DATA FOR ANALYSIS:

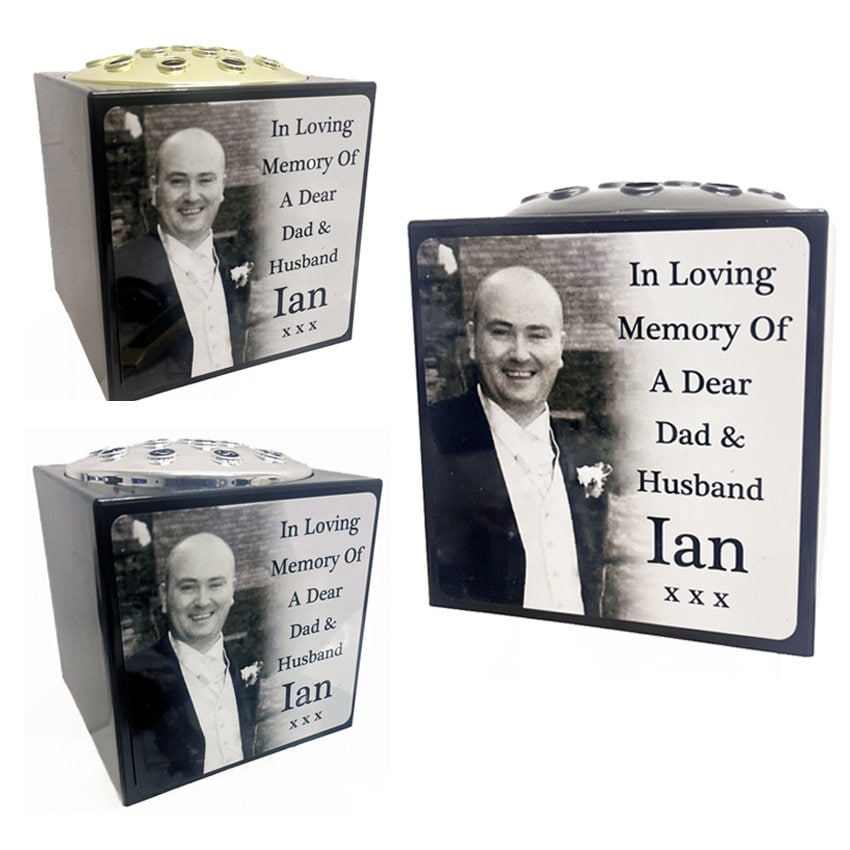 Personalised White Plastic Cube Photo Grave Vase Personalised plaques can have any photo, names, dat...
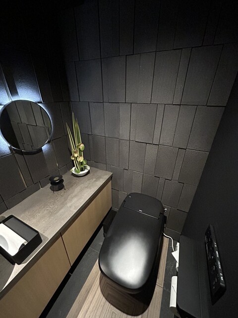 木製の格子、漆黒の天井、特徴的な壁面タイルのコントラストが斬新で、和とモダンの境界線を曖昧にする洗練された世界観が貫かれている。空間自体が料理の一部であり、無駄を削ぎ落とし、研ぎ澄まされた美意識の中で、五感を通して「食」を体験する場所である。
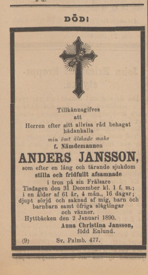 Anna Stina sätter in en dödsannons i tidningen för sin "ömt älskade make". Nu är hon änka.
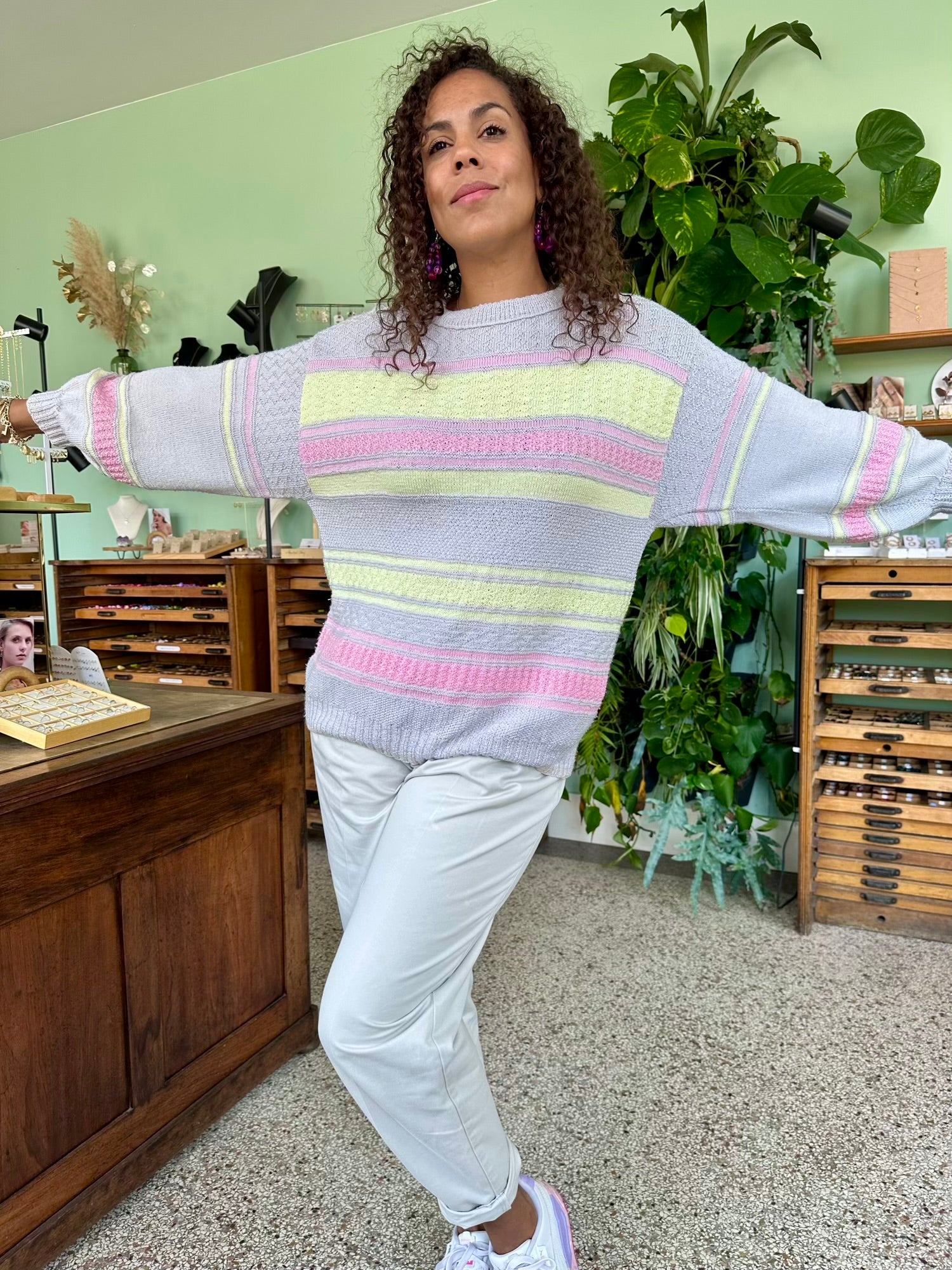 Deze vintage acryl sweater combineert pastelgroen, roze en geel op een lichtgrijze basis. Het resultaat: een speels en toch subtiel effect. Comfortabel warm zonder te zwaar, ideaal voor nazomer en vroege herfst.
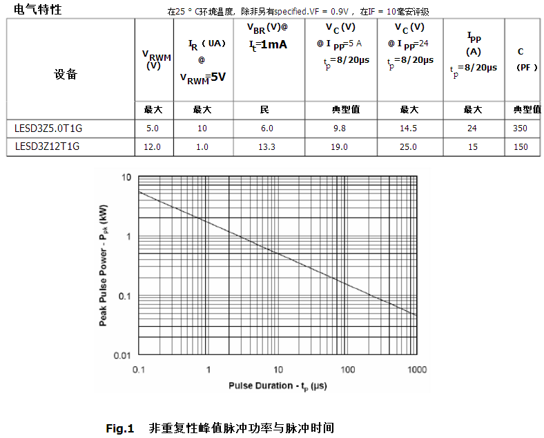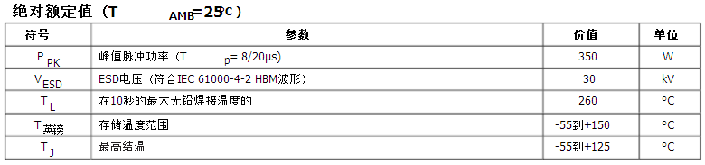 350瓦峰值脉冲功率( TP = 8 /20μS )T为数据线ransient保护
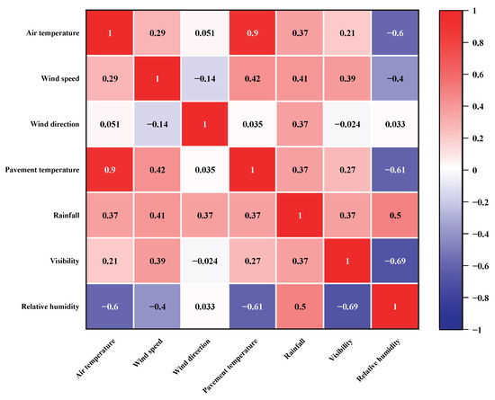 We aimed to reduce the complexity of the model input and improve the accuracy of the prediction model. The characteristic variables with significant correlation with the predicted target value of the pavement temperature were used as the input variables of the pavement temperature prediction model. Considering the possible nonlinear correlation between meteorological characteristics and pavement temperature, a Spearman correlation analysis was performed for the six meteorological characteristics variables as well as pavement temperature. The Spearman’s rank correlation coefficient method is often used to analyze the closeness of a relationship between two variables and is calculated as:
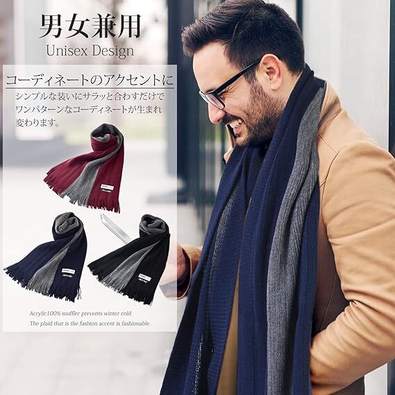 • イタリア製高級アクリル繊維は非常にきめ細く軽量でチクチクしたりしません。保温性も高く冷たい外気を遮断し熱が逃げるのを防ぐのでとても暖かく着用できます。

WHAT YOU SHOULD DO:
Although the records above include pictures, the copy must contain only their exact text.

TASK RESULT:
 Personalised White Plastic Cube Photo Grave Vase Personalised plaques can have any photo, names, dat...
 木製の格子、漆黒の天井、特徴的な壁面タイルのコントラストが斬新で、和とモダンの境界線を曖昧にする洗練された世界観が貫かれている。空間自体が料理の一部であり、無駄を削ぎ落とし、研ぎ澄まされた美意識の中で、五感を通して「食」を体験する場所である。
 Anna Stina sätter in en dödsannons i tidningen för sin "ömt älskade make". Nu är hon änka.
 Deze vintage acryl sweater combineert pastelgroen, roze en geel op een lichtgrijze basis. Het resultaat: een speels en toch subtiel effect. Comfortabel warm zonder te zwaar, ideaal voor nazomer en vroege herfst.
 350瓦峰值脉冲功率( TP = 8 /20μS )T为数据线ransient保护
 We aimed to reduce the complexity of the model input and improve the accuracy of the prediction model. The characteristic variables with significant correlation with the predicted target value of the pavement temperature were used as the input variables of the pavement temperature prediction model. Considering the possible nonlinear correlation between meteorological characteristics and pavement temperature, a Spearman correlation analysis was performed for the six meteorological characteristics variables as well as pavement temperature. The Spearman’s rank correlation coefficient method is often used to analyze the closeness of a relationship between two variables and is calculated as:
 • イタリア製高級アクリル繊維は非常にきめ細く軽量でチクチクしたりしません。保温性も高く冷たい外気を遮断し熱が逃げるのを防ぐのでとても暖かく着用できます。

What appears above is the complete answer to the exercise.